CRAMP plays an important role in intestinal microbiota and immune system. In order to investigate the role of CRAMP in mouse fecal metabolism, polar metabolites in feces of PF-KO mice were compared with those in feces of PF-WT mice. Statistical significance tests showed that 18, 16, and 19 metabolites had significant changes in their abundance levels detected by GC × GC-MS, 2DLC-MS (−), and 2DLC-MS (+), respectively (Figure 5A). Four metabolites (methionine, glycine, alpha-aminoisobutyric acid, and glutamic acid) were detected with significant abundance changes between PF-KO mice and PF-WT mice by two platforms (Figure 5B). While measured by different platforms, the levels of these four metabolites were consistently lower in the KO mice compared to WT mice under pair-feeding conditions, demonstrating the high accuracy of the three platforms in quantifying these metabolites (Figure 5B and Table S-2). Interestingly, the changes of SCFAs in PF-KO mice mirrored their changes in AF-WT mice (Figure 5C), suggesting that the composition change of gut microbiota has a certain degree of similarity between alcohol feeding and CRAMP deficiency.
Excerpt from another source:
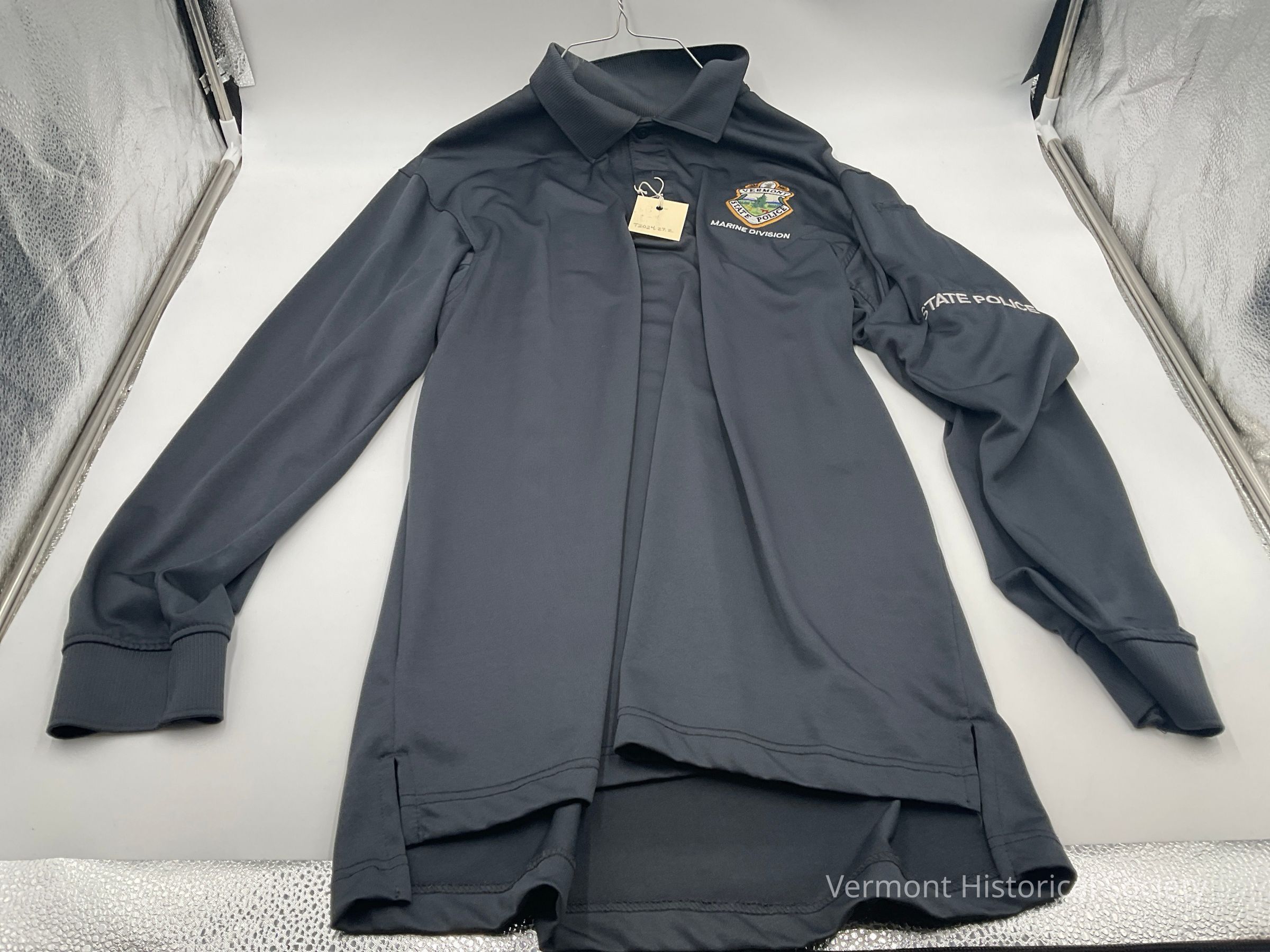 Gray, long-sleeved polo shirt with collar and two-button enclosure at the neck. A patch on the left breast says "Vermont State Police," and underneath the words, "Marine Division" are embroidered in white. The words, "State Police" are also embroidered in white on the left sleeve.Acquisition

Figure 5. — Fecal metabolite levels in PF-KO mice compared to that in PF-WT mice. (A) Overlap of metabolites with significant changes between PF-KO mice and PF-WT mice detected by GC × GC-MS, 2DLC-MS (−), and 2DLC-MS (+). (B) Relative abundance of four metabolites detected by two platforms. (C) Concentrations of SCFAs in feces of PF-KO mice and PF-WT mice. ** p < 0.01. (D) Relative abundance of taurine and NA. PF, pair-fed; WT, wild type; KO, CRAMP knockout.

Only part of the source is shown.